Он опустился на скамью, положил цветы на то место, где в свое время самолично зарыл чашечку с крематорским пеплом, привычно прочел Ее имя, отчужденное от тела, выбитое на холодном камне чужою рукой.
Тысячи их разговоров, откровений, касание Ее руки, бессловесное взаимное понимание между ними, тысячи Ее забот и нежных услуг, вечная тревога за него, за его друзей – что остается от всего этого? И вообще, зачем все это было? Зачем это бывает? И если уж от Нее… Если даже Она не может… Зачем тогда он? Уж он-то и вовсе… Зачем они все?
Тихо опадали листья, боль его смирялась.
По ветке бузины полз муравей. Черняк подумал о себе, об Уезжающем Человеке. Они были так же малы и ничтожны, как этот муравей, век их был так же краткодневен. Неужели же так важно, по какой ветке бузины ползти муравью?
Он снова прочитал Ее имя. Он не знал и не хотел знать Ее пороков, но прелесть Ее была в том, что она не была святоша. Она радовалась жизни, малым ее подаркам и малым радостям. Непредвиденному обеду в столовой. Случайному сну после обеда. Компании его друзей, так часто собиравшейся у него: Она органически вписывалась в любую компанию, и недостаток образования, о котором Она не уставала твердить в письмах (как будто это не от себя оторвала Она для них это треклятое «образование»), никогда не мешал Ей понимать шутку, разбираться в тонкостях их семейных и производственных отношений. Она любила смеяться, не по-женски кокетливо, а по-мужски осмысленно, подхватывая шутку, передавая ее дальше, развивая. Боже, как он счастлив был, слыша Ее смех, видя минуты Ее беззаботности среди многих Ее забот, усугубленных вечным Долгом, Долгом Любви, Семейным, Материнским Долгом… Отпусти нам Долги Наша…
Ее удивительная, необычайная жизнь, прожитая для других, чему учит она? Чему научила эта жизнь его, самого близкого к Ней человека? Ну, а чему учат другие жизни, самая преходящесть жизни и пребывание живых в этой обители ушедших? Человек, приходящий сюда, видит, как коротка жизнь, видит, что ждет его. «Чтобы страсти не ослепляли нас, будем вести себя так, будто нам отпущена неделя жизни», – говорил мудрый. Но как вести себя, не сказал. И вот люди слоняются близ чужих и родных могил, обитают здесь без пользы для души. Он сам, суетный блудник. Добрая баба Лиза, крадущая цветы на могилах. Дядя Вася, по десять раз продающий одни и те же плоды своих (а то и чужих) рук, чтобы напиться и забыть всю неделю жизни, чтобы вовсе ее не иметь…

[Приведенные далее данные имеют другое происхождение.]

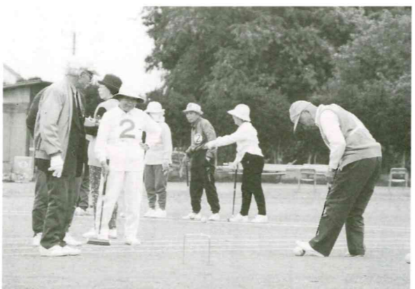
10月24日 ゲートボール大会
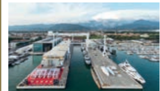
Il cantiere con il bacino galleggiante

Sei Yacht consegnati nel 2014 e altri otto in produzione rendono l'idea della potenzialità produttiva di The Italian Sea Group , leader della nautica internazionale. Con quasi 200 dipendenti, un cantiere che occupa una superficie di 100.000mq e una sede direzionale dove clienti, fornitori e visitatori sono accolti in ambienti Italian Luxury dalle qualità innovative e dal design elegante e ricercato, il Gruppo guidato dall'imprenditore Giovanni Costantino è una delle
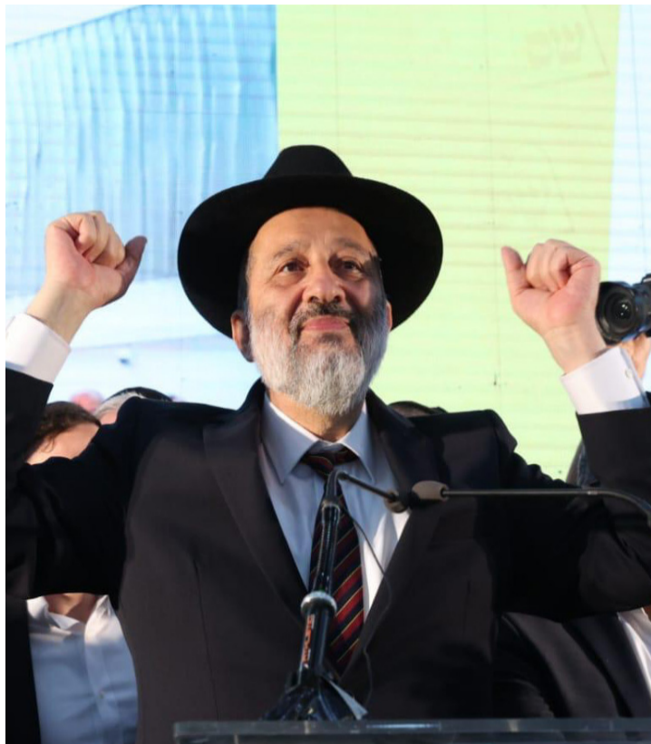
המנצח הגדול, דרעי חוגג 11 מנדטים
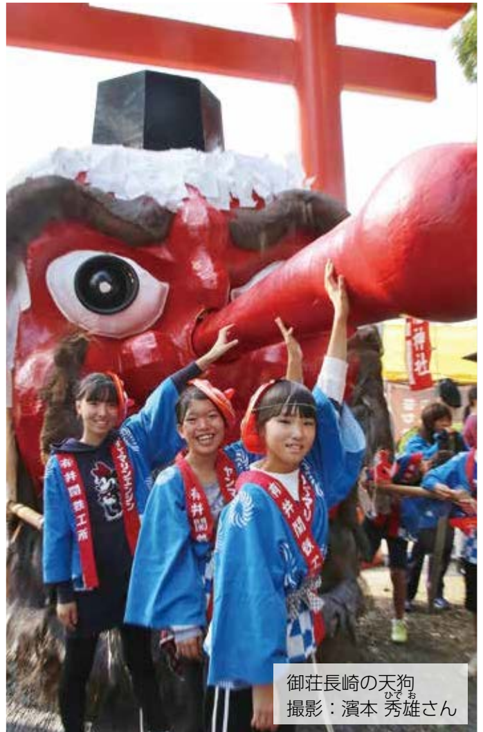
御荘長崎の天狗
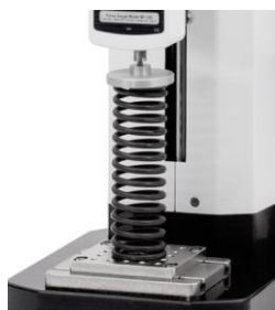
Masurare compresiune arcuri
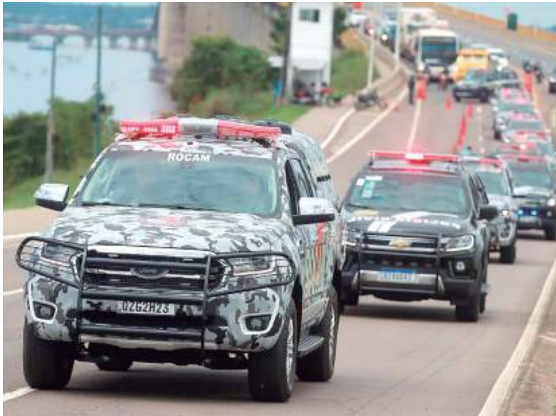
Segurança Pública foi a área que mais apresentou avanços

O Ranking avaliou 99 indicadores, em 10 pilares
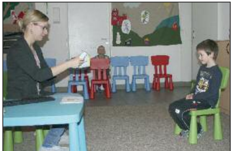
Prehliadka zraku u detí v Materskej škole Bazovského.

Prehľadli sme deti, ktorých rodičia podpísali informovaný súhlas o prebiehajúcom preventívnom meraní. Výsledky 35 detí dosahovali hodnoty, ktoré si už vyžadujú odbornú oftalmologickú starostlivosť, preto im naši vyškolení pracovníci vystavili odporúčanie na podrobnejšie vyšetrenie u detského očného lekára. Podmienky tohto programu v každom smere zohľadňujú vek detí. Aby sme odbúrali stres z nového prostredia a eliminovali syndróm bielych plášťov, tieto merania sme uskutočnili priamo v materských školách, teda pre deti známom prostredí. Ani samotný prístroj nie je strašiakom-meranie je rýchle (trvá pár sekúnd), neinvazívne, bezdotykové, bezbolestné a bez akýchkoľvek vedľajších účinkov či
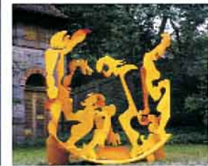
Stefan R. Schuetz, „Zu den drei Türmen“ i.Or. Rothenburg-Dinkelsbühl
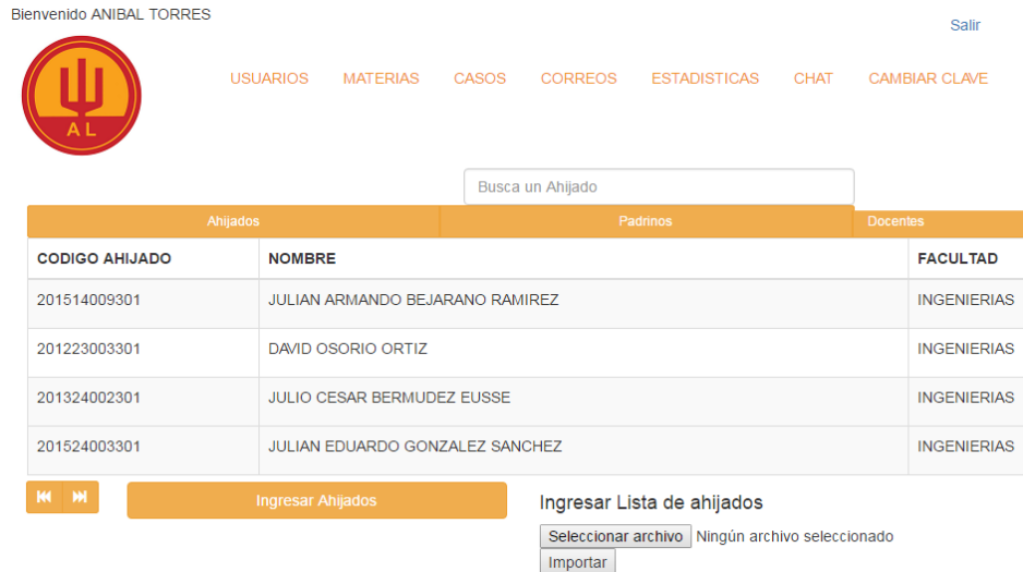
Aspecto de la interface de administración, del aplicativo del Plan Padrino.

En la segunda etapa, se implementó toda la fase de desarrollo, el diseño previo definió tres roles en el sistema por tanto se optó por un desarrollo modular para cada uno, lo que independizó la aplicación de posibles fallos o caídas de los otros dos componentes y una base de datos con un enfoque orientado a objetos.
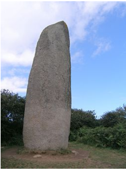
Menhir de Kerloas, Francia

Imagen en Wikimedia Commons , Licencia CC
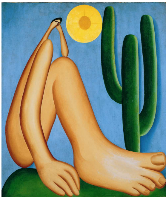
Abaporu, Tarsila do Amaral.

A Comente e explique o significado das imagens do quadro Abaporu .
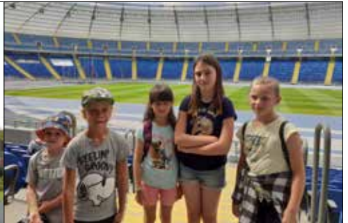
Dzieciaki z „Gwiazd” i „Juwenii” zawędrowały na Stadion Śląski
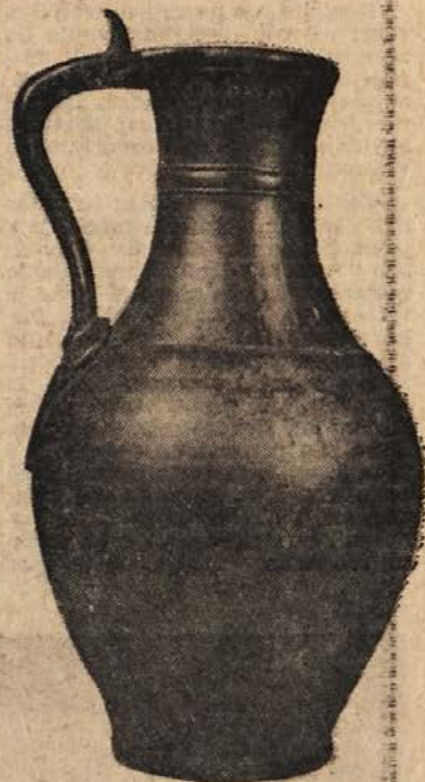
Bronasti vrč — kana iz I. stoletja našega štetja

Poleg teh živih krajevnih imen iz 8. stol. (Atamine, Cruppi, Nomiduni, Sicco) navaja neznan geograf iz Ravenne še druge skupine krajevnih imen (Acerbe pri Stični, Romulo pri Mokricah, Fines med Mokricami in Siskom), ki v šestih stoletjih niso prav nič spremenila svoje antične oblike. To nerazumljivo zemljepisno dvojnost je pojasnil podoben študij zgodovine Teodorikovega ravenskega kraljestva (Cassiodor). Kraji, ki jih navaja ravenski geograf, so v resnici pošne postaje
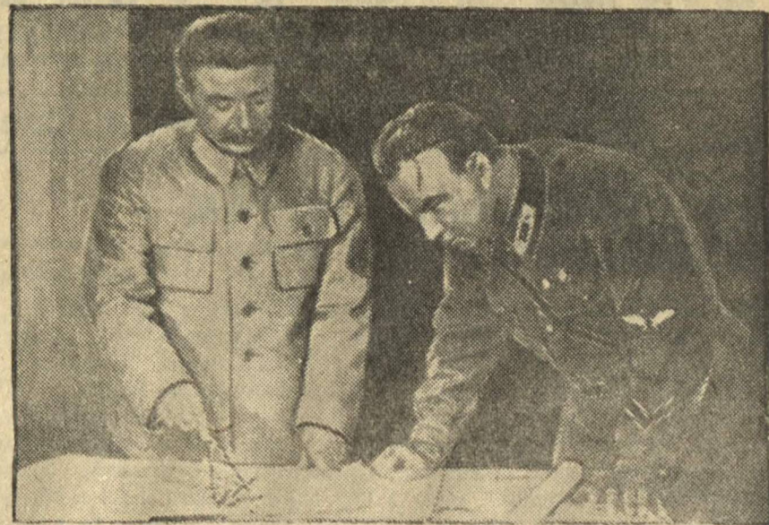
Кадр из фильма В. П. Чкалов.
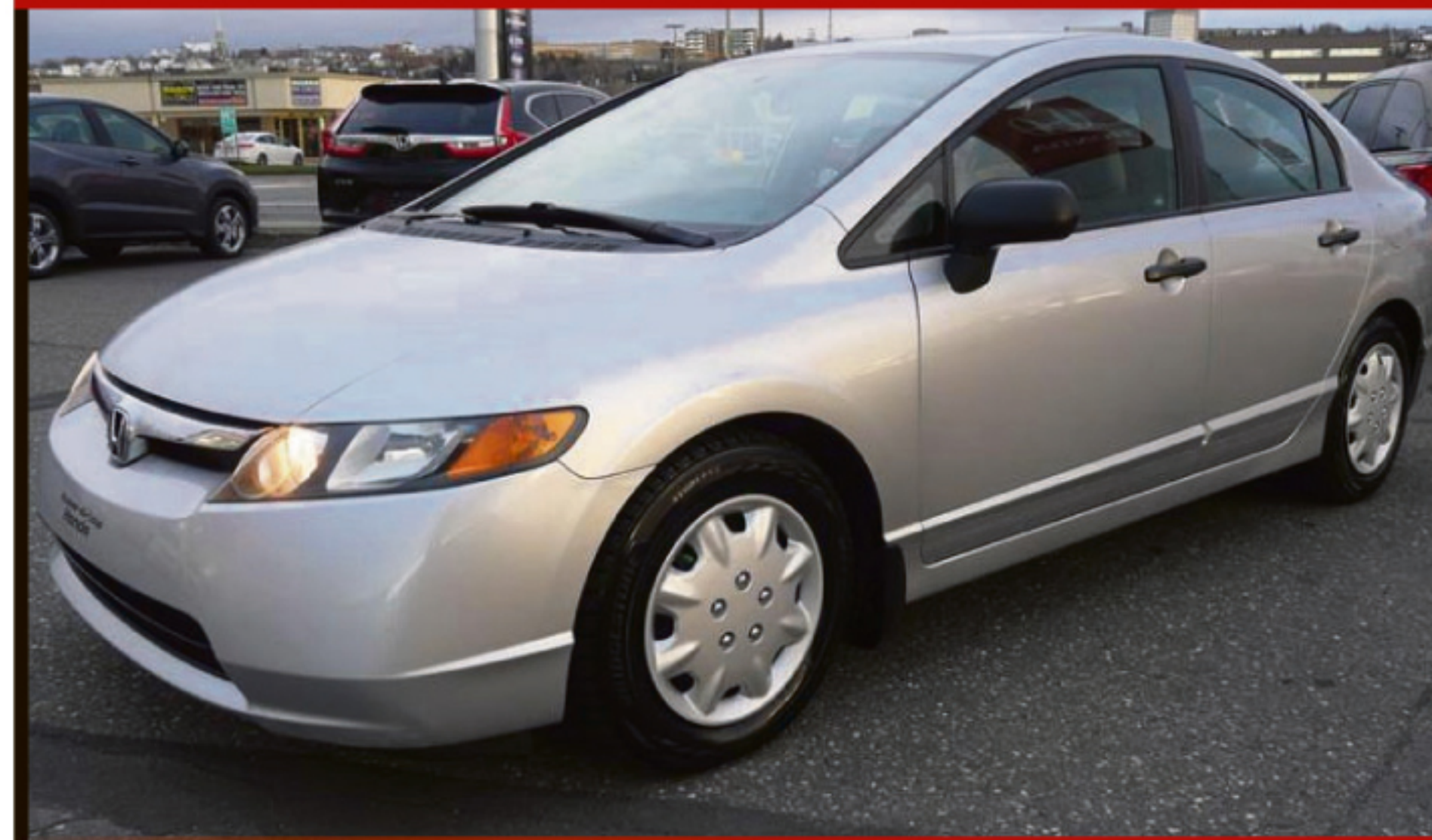
HONDA CIVIC SDN 2008 4DR DX-G

Automatique, climatisation, groupe électrique, DC, miroirs chauffants, jantes aluminium. 107 400 km. #W5014A
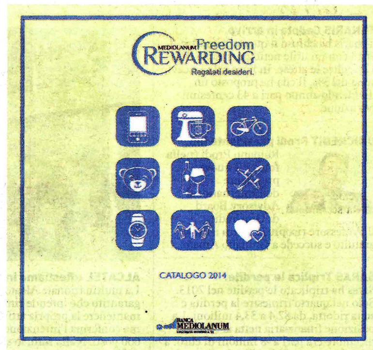
La copertina del catalogo di Mediolanum Freedom Rewarding

È importante che ogni cliente e risparmiatore dedichi attenzione e tempo adeguato a confrontare proposte e offerte, a valutarne condizioni e differenze, spesso sostanziali, a scegliere quelle più convenienti e vantaggiose per lui. La differenza importante non è circoscritta a 100 o 200 euro di convenienza tra un'offerta e l'altra, ma si estende all'intero servizio e alla sua qualità: alla qualità del rapporto tra banca e cliente. Per questo, è importante scegliere la banca "giusta". Che non è più la banca più vicina a casa come lo
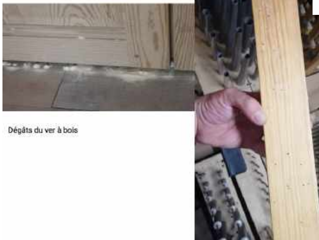
Dégâts du ver à bois

Les peaux du soufflet qui elles, sont encore dans un bon état, seront simplement nettoyées et traitées à l'huile de vaseline.
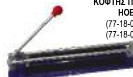
ΚΟΦΤΗΣ ΠΛΑΚΙΔΙΩΝ Τ. ΙΤΑΛΙΑΣ (77-18-000074) (77-18-000075)

Намаявшись и наплакавшись вдоволь у родной могилы (теперь уже и своей могилы тоже, потому что участок стал шире), Черняк встал, взглянул на часы. Три часа. Воскресенье. Женщина ждет его на скамейке близ режиссера-мужа. Он пойдет сейчас и утащит ее от могилы в суетный город, на блуд и суету. Он уйдет к ней, покинув Ту, которую всегда, с той самой поры, как почувствовал в себе беспокойство плоти, покидал ради женщин, достойных и недостойных, уличных потаскушек и Ею же для него отысканных, столь пристойных с виду невест…
Ходорец с каждым днем чувствовал себя все уверенней и вольготней на изрытой могилами востряковской почве. Живые здесь были такие же суматошные, как везде, однако, сравнивая этих людей с теми, с которыми он дружил раньше, хотя бы, например, за границей, Ходорец все же не мог не отметить, что сравнение было в пользу этих. Они были сговорчивей, щедрее и шире, они вспоминали время от времени, что на весь век не напасешься, не накапаешь, да и век-то твой – вот он, до ограды. Они значительно выигрывали в сравнении, скажем, с совслужащими где-нибудь в Нью-Йорке, которые собирались по возвращении на родину жить вечно и потому желали запастись всем необходимым для жизни на этот неопределенный срок…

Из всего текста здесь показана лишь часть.